2. The flat cable according to claim 1,

wherein a height of the insulating member is designed to be equal to or larger than a thickness of the electrode of the flat cable and equal to or smaller than half a thickness of the flat cable.

3. The flat cable according to claim 1,

wherein the interval of the plurality of conductors is 0.25 mm to 0.5 mm.

4. The flat cable according to claim 1,

wherein the insulating member is a cover having openings in a hole shape or a comb shape formed on a part of the electrode where the film of the flat cable has been removed, so as to expose the electrode.

5. The flat cable according to claim 4,

wherein the cover is formed of a polyimide plate or a glass epoxy plate.

6. The flat cable according to claim 1,

wherein the insulating member is a protective layer having openings in a hole shape or a comb shape formed by a screen printing method on a part of the electrode where the film of the flat cable has been removed, so as to expose the electrode.

7. The flat cable according to claim 6,

wherein the protective layer is made of epoxy.

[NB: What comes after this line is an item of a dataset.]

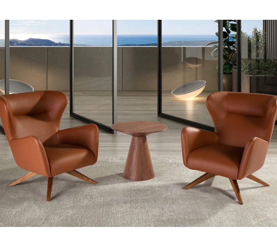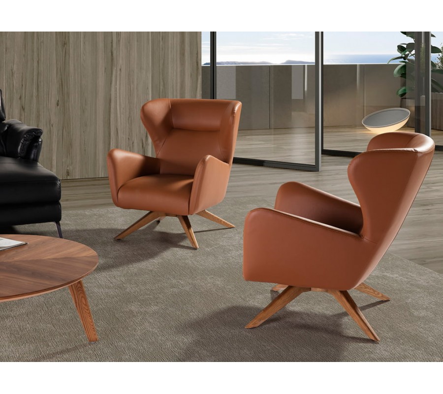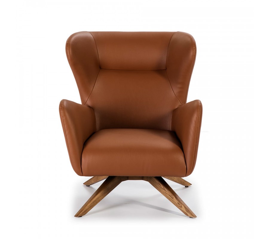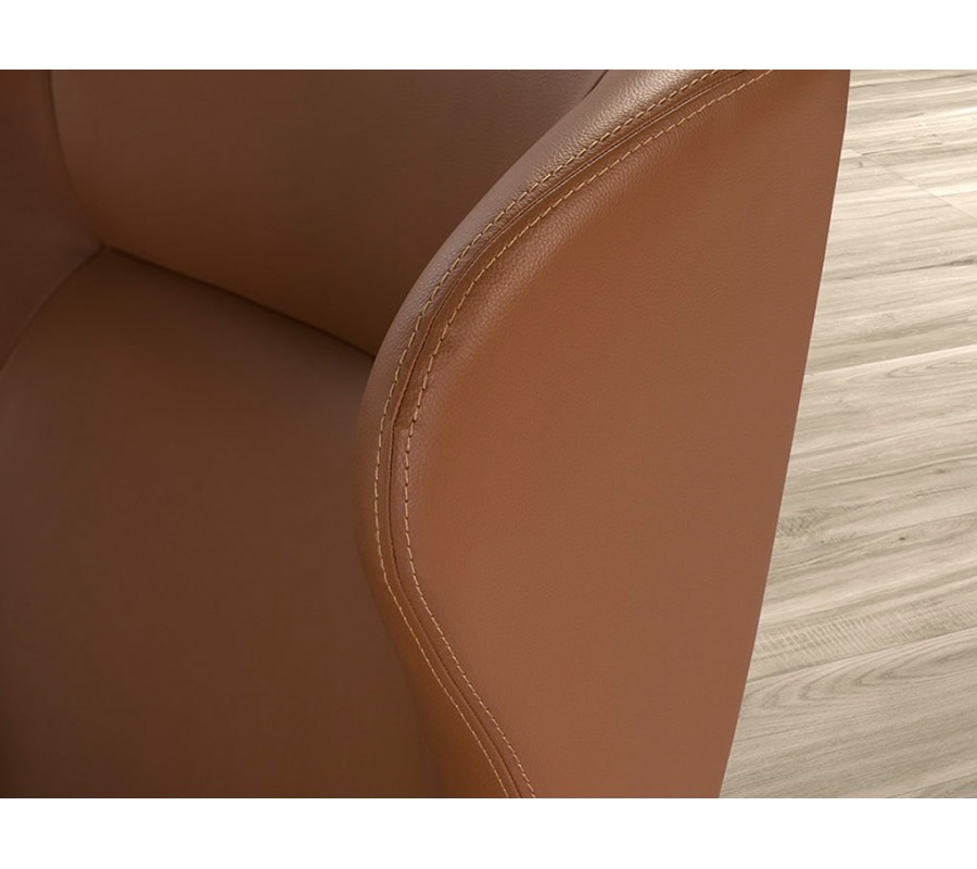 V dizajne dominuje nádherný koňakovo hnedý odtieň poťahu z eko kože. Pôsobí luxusným dojmom a jeho teplé tóny výborne dopĺňajú drevené nožičky v orechovej hnedej farbe. Viditeľná kresba letokruhov zdôrazňuje prírodný charakter materiálu a kreslo tak bude v miestnosti pôsobiť ako naturálny element.
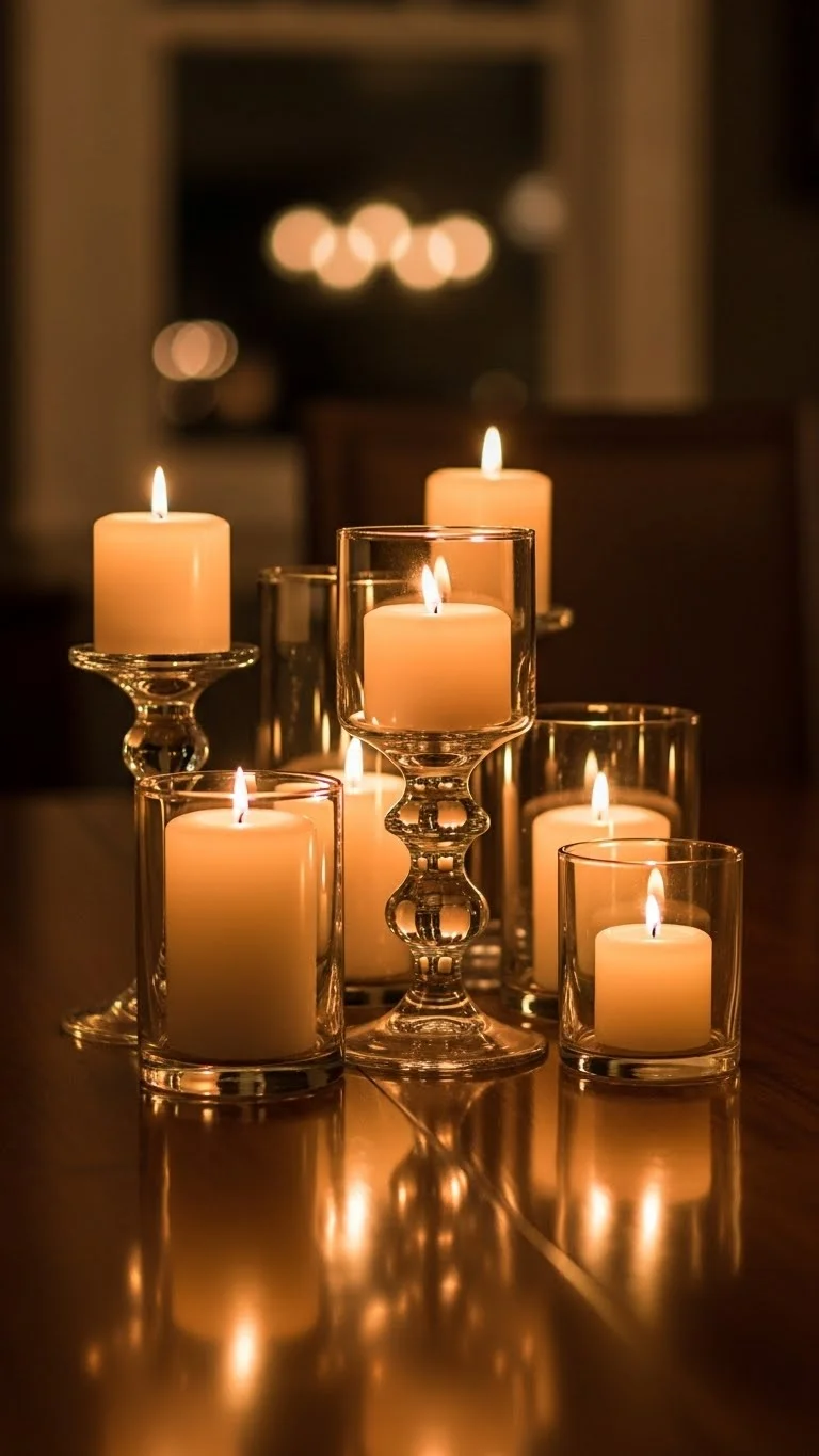 Group candles in odd numbers on the table. Vary heights using tall taper candles and small votives. Place them on a tray or mirrored plate to protect the table. Stick to soft colors like cream or blush. Battery candles work safely around food. Candlelight adds warmth and intimacy, making even a simple table feel elegant.

8. The flat cable according to claim 1,

wherein the insulating member is a resist formed by applying a negative resist to a part of the electrode where the film of the flat cable has been removed, performing exposure and development from a rear surface, and then hardening the negative resist having openings in a hole shape or a comb shape formed on the part of the electrode where the film has been removed, so as to expose the electrode.

9. A plasma display device, comprising: a plasma display panel; a driving circuit for applying voltage to an electrode of the plasma display panel; and a control circuit for controlling the driving circuit,

wherein a flat cable is used for at least one of connections between the plasma display panel and the driving circuit and between the driving circuit and the control circuit,

the flat cable comprises: a plurality of conductors; and a pair of films having adhesive applied thereto and sandwiching each of the plurality of conductors at predetermined intervals,

at least one of the conductor on a side of the flat cable and a conductor on a side of a connector to which the conductor on the side of the flat cable is electrically connected is made of a material containing no lead, and

an electrode is formed in a connecting portion of the flat cable by removing one of the pair of films to which the adhesive is applied so that the conductor is exposed, and an insulating member having a partition wall between adjacent electrodes is provided to a part of the electrode where the film has been removed.